Where can you turn when life throws a wrench into your plans? Who will lend an ear, reserve all judgement, and simply listen when you’re in need of answers to life’s toughest questions? Your mom, dad, or dearest childhood friend? No. You ask Jonah (with the neck tattoos). Have questions? Send them to opinion@gateway.ualberta.ca. 

What’s your favourite acronym?

When I lived in a small town I patronized the local bar, maybe too often, and one night all of my recent exes coalesced in the pub. One ex was bartending, another ex came in with friends, and, shortly thereafter, a third ex sauntered in with her fresh boyfriend. I was boxed in. Then I felt all my exes’ villainous powers synchronize as they channeled their bitterness towards me forming a Death Star Stare Superlaser. It’s exhausting trying to drink a beer and pick a tune on the jukebox while getting visually berated.

Much later, I was noodling around on the internet and discovered this appropriate acronym for LOVE: League of Villainous Entities. I feel this particular league was formed when all my ex-girlfriends gathered together to spit venom, sharpen their claws, and slurp vodka drinks. I’ve never fared well after a break-up. And that’s the thing about encountering one’s exes — they cause a Loss of Valuable Energy.

How do I find someone to love me unconditionally?

Scienticians (intentional) are working on this as we speak and they already have a name for what their solution will be: sex robots. The thing about a sex robot is that it will love you unconditionally so long as their sex robot programming doesn’t glitch or get a computer virus. (I don’t want to know what the symptoms of a sexually transmitted computer infection are). Unconditional human love doesn’t exist as far as I’m aware, and I would be freaked out if someone other than a sex robot loved me unconditionally. So as far as finding someone/thing to love you unconditionally, I’d quit writing schleppy poetry about your love life and start learning how to solder computer chips together.

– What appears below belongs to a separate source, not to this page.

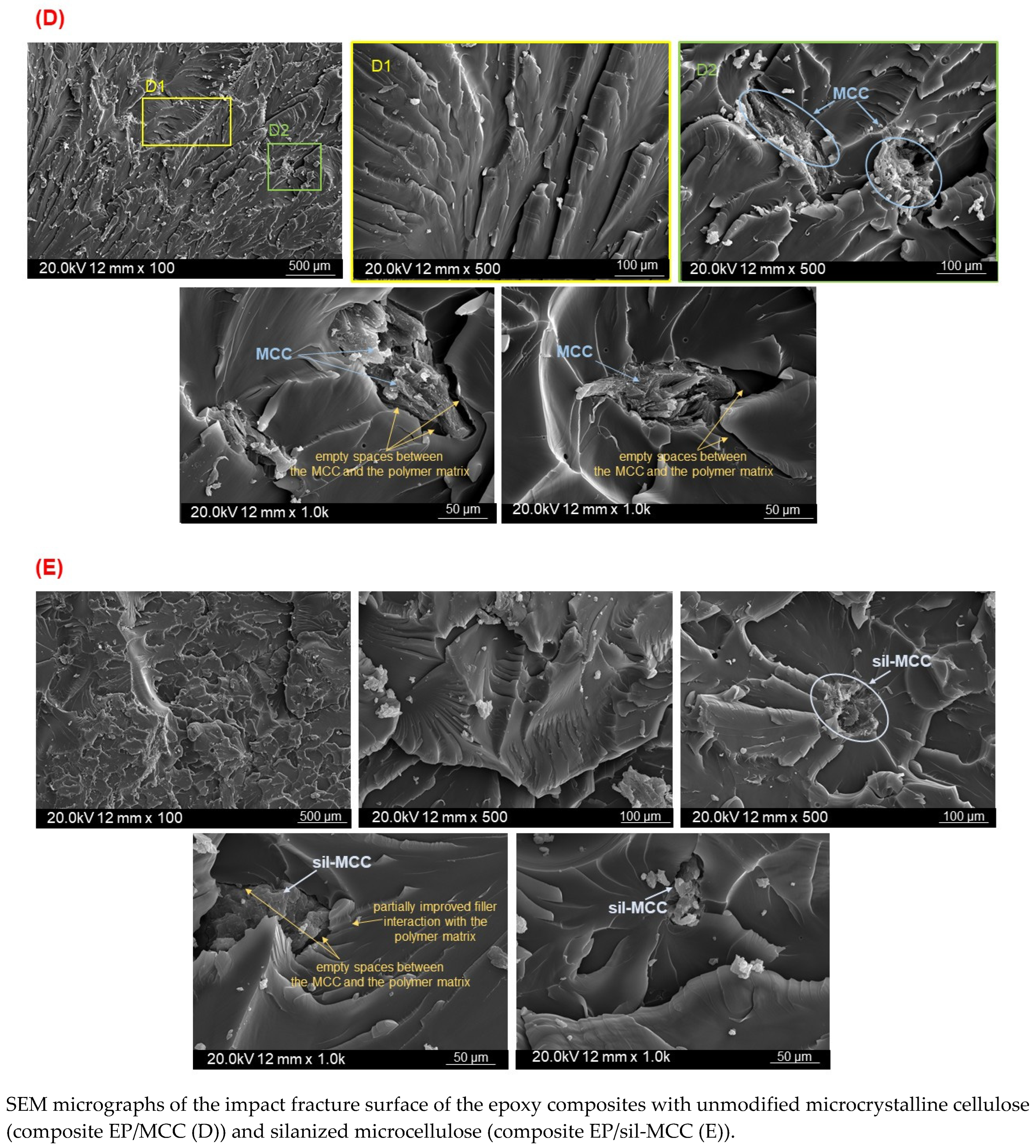 | EP/sil-MCC | Cured epoxy composite based on low-molecular-weight epoxy resin Epidian 6 filled with 1 wt.% of silanized microcrystalline cellulose. |

Where is the “Love Tree” in Engineering Quad? I hear it is a good place to take your beloved and give them a snuggle.

I’ve never heard of this so called “Love Tree”, and it sounds like Tinder’s version of a PokeStop. I hope Tinder stays out of the business of augmenting our reality. I can imagine what Tinder would be like if the dating app took a page out of the Pokemon Go playbook: users would be running around throwing their balls at Tinder matches. Tinder is gross and Pokemon Go is cool. Delete one and download the other, and try meeting someone playing Pokemon Go in the Engineering Quad.

I would really like to meet someone on campus. It is really hard – Edmonton people are difficult to connect with! Any tips?

There isn’t a universal social formula for meeting people and establishing meaningful connections with them; however, baked goods are never not a good idea. Try sharing a tasty treat with the person you’re horny for. If they accept your baked goods, that weird, awkward, invisible social force-field will be lowered, and you’ll be given an opportunity to talk with them. Don’t take rejection as defeat either. If they don’t want to try your banana bread, pumpkin pie might be the path to their heart.
Stay out of the bars. Google “sex robots”. Play Pokemon Go. Bake for your crush.